There are lots of noises on my small property: I refuse to trim my lawn except along my borders so that deer, foxes, and scores of birds share my ground and the several hundred trees that I planted a quarter-century ago. This year, however, I've mowed more and there's less cover for the critters but things are just as noisy.

I woke up this morning to a new sound: a sustained "trilling" that was too persistent to be a bird. I eventually rolled out of bed, stepped into the sun room, and looked directly into the eyes of a mother raccoon and her half-grown offspring. She led, it followed, right forepaw latched to her fur, left forepaw to the ladder, and two back paws planted on the step below. The kid was probaby scared and let mom know it at every step.

The 'coons were fifteen feet up a ladder that I leaned up one corner of the house and underneath a loose eave that I intended to repair. That eave, however, shelters starlings every spring (most recently, a nest of four) and a homeless squirrel most winters and I like their company.

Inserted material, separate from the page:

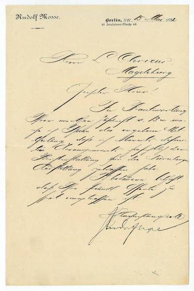 1 S. 8vo. An den Heraldiker Ludwig August Clericus (1827-92) in Magdeburg: "In Beantwortung Ihrer werthen Zuschrift v. 13. d. mache ich Ihnen die ergebene Mitthilung, daß ich bereits definitive Arrangements hinsichtlich der Berichterstattung für die Nürnberger Ausstellung getroffen habe! Ich bedaure lebhaft, daß Ihre freundl. Offerte zu spät eingetroffen ist […]". - Rudolf Mosse gründete 1867 in Berlin die "Annoncen-Expedition R. Mosse", errichtete bis 1873 in zahlreichen deutschen Städten sowie in Zürich und Wien Filialen und organisierte Anzeigenbeilagen in Zeitungen und Zeitschriften. 1871 gründete er das linksliberale "Berliner Tageblatt", 1889 die "Berliner Morgenzeitung" und kaufte 1904 die "Berliner Volkszeitung". Mosse war Mitglied der Repräsentantenversammlung der jüdischen Gemeinde und Förderer zahlreicher karitativer Institutionen. - Auf Briefpapier mit gedr. Briefkopf. Gefaltet.

I'm also sentimental about that corner that eave was a rotted mess when I bought this place and Ernie Jones wanted $50 to repair it. It was a good deal and one not to be repeated but I was broke and didn't get back to Ernie before his heart attack. I refused to let anyone else to the job and eventually bought pressure-treated boards and a 30 foot ladder. I measured angles, cut, ripped, tinkered, and nailed, and climbed up two stories with knees trembling and one paw on the ladder much like the adolescent 'coon. I carried a hammer in my belt and six nails between my teeth. I wore my wooden creation around my neck like a horse collar that I planned to slide up and over my head and into its place. The damned thing actually fit, first try! Because of sentiment or distraction, however, I never nailed it and the squirrel and the starling mothers discovered how to push aside the top ledge and nest inside the eave as they always did before.

The raccoons, however, were a bit much even for me.

I pulled on boots and jeans and picked up an ax handle as I stepped outside. The 'coons were down and I got a glimpse of two beige butts bumping along the grass and disappearing into my hedges. There was no more trilling but, instead, a single, deep, firm "woof."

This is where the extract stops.